Maxco Futures – Asian equities weakened on Tuesday, following a mixed session on Wall Street, as regional investors locked in profits after an extended rally amid rising uncertainty over the direction of global monetary policy.
Japan’s Nikkei 225 fell 1.7% to 51,497.20 after hitting a record high last week, while South Korea’s Kospi slumped 2.4%, dragged down by profit-taking in tech shares. Australia’s S&P/ASX 200 edged 0.9% lower, and Hong Kong’s Hang Seng slipped 0.6%. On the mainland, the Shanghai Composite dropped 0.4% amid weak domestic investor appetite.
The correction in Asia came after U.S. tech heavyweights once again led gains on Wall Street. Nvidia Corp. rose 2.2%, while Amazon.com Inc. jumped nearly 4% after announcing a US$38 billion deal with OpenAI to utilize Amazon Web Services’ cloud infrastructure for AI workloads.
Optimism surrounding artificial intelligence continues to be a key driver of global sentiment, though some analysts warned that tech stock valuations are now entering overbought territory.

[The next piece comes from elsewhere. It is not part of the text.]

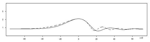 Уединенные волны на пленке, движимой потоком газа Автор результата: А. М. Франк, г.н.с., д.ф.-м.н., профессор. Нелинейные волны на границе пленки, движимой потоком газа, изучены гораздо слабее их гравитационных аналогов. Немногочисленные теоретические и численные исследования имеют дело, как правило, с жидкостями с близкими плотностями и/или вязкостями, поскольку большое отличие этих величин привносит дополнительные сложности. В существующих экспериментальных работах, в отличие от экспериментов по гравитационным волнам, изучались только естественные волны, которые быстро становятся трехмерными и нерегулярными. Приводимые ниже результаты получены численно впервые. Разработан метод частиц, на основе которого проведены численные эксперименты по изучению формирования и эволюции нелинейных волн на границе раздела. Показано существование уединенных волн в такой системе и проведено их сравнение с гравитационно-капиллярными волнами (рис. 7). Оказалось, что в канале, имеющем высоту, намного большую толщины пленки, при одинаковом числе Рейнольдса пленки эти волны имеют значительно большую амплитуду, чем гравитационно-капиллярные, а при одинаковой амплитуде — значительно меньшую фазовую скорость. При определенном масштабировании получена универсальная зависимость фазовой скорости волн на границе сдвигового течения от амплитуды. ![]() Рис. 7. Сравнение формы уединенной волны на границе раздела в сдвиговом двухфазном потоке (сплошная кривая) с гравитационно-капиллярным солитоном (пунктир) той же амплитуды Амплитуды волн существенно зависят от относительной плотности и вязкости газа при постоянном расходе пленочного течения несмотря на то, что касательное напряжение на границе раздела для невозмущенного течения пленки не зависит от этих параметров. Высота канала существенно влияет на параметры волн, в частности, в узком канале амплитуда волн уменьшается (при фиксированном расходе в пленке), а их фазовая скорость увеличивается (при фиксированной амплитуде волн). Существует диапазон изменения расхода газа (и, соответственно, расхода жидкости), когда амплитуда стационарных волн практически не меняется, но при этом изменяется их форма и фазовая скорость (рис. 8). Таким образом, в некоторых случаях фазовая скорость волн не является однозначной функцией их амплитуды (рис. 9). ![]() Рис. 8. Волны одинаковой амплитуды, имеющие разную форму и фазовую скорость ![]() Рис. 9. Фазовая скорость волн в зависимости от амплитуды для нескольких пар газ/жидкость

“The market in Asia is starting to run out of steam after an overly rapid rally, while U.S. investors remain highly optimistic about growth in the AI sector,” said a market analyst in Singapore.

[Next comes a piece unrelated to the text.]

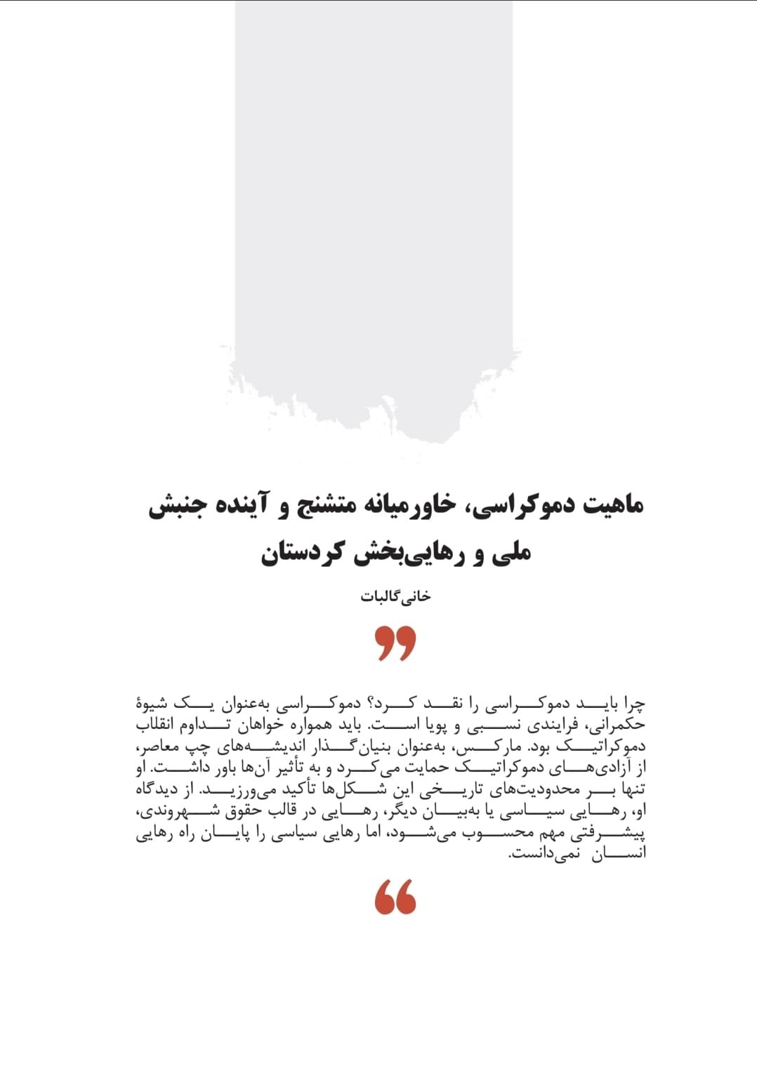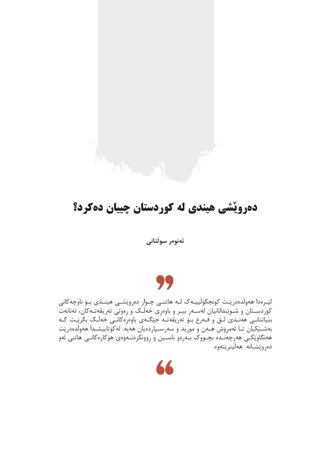 2) باس لە چەمکی “کوردستانی گەورە” و داینامیکی شوناس و دابەشبوونە ناوخۆییەکان و فۆڕمەکانی بەرخۆدانی سیاسی دەکات.

Meanwhile, U.S. economic data showed that manufacturing activity contracted more sharply than expected in October, adding to signs that the economy’s momentum is slowing. However, U.S. Treasury yields remained elevated, keeping the U.S. dollar in a strong range.
Market participants are now awaiting further remarks from Federal Reserve officials, looking for fresh signals on the timing of the next interest rate cut, following last week’s hawkish comments from Fed Chair Jerome Powell.
Overall, Tuesday’s trading reflected a cautious rotation in global markets, with investors balancing AI-driven euphoria on Wall Street against the need to secure profits in Asia, where several benchmarks recently touched record highs.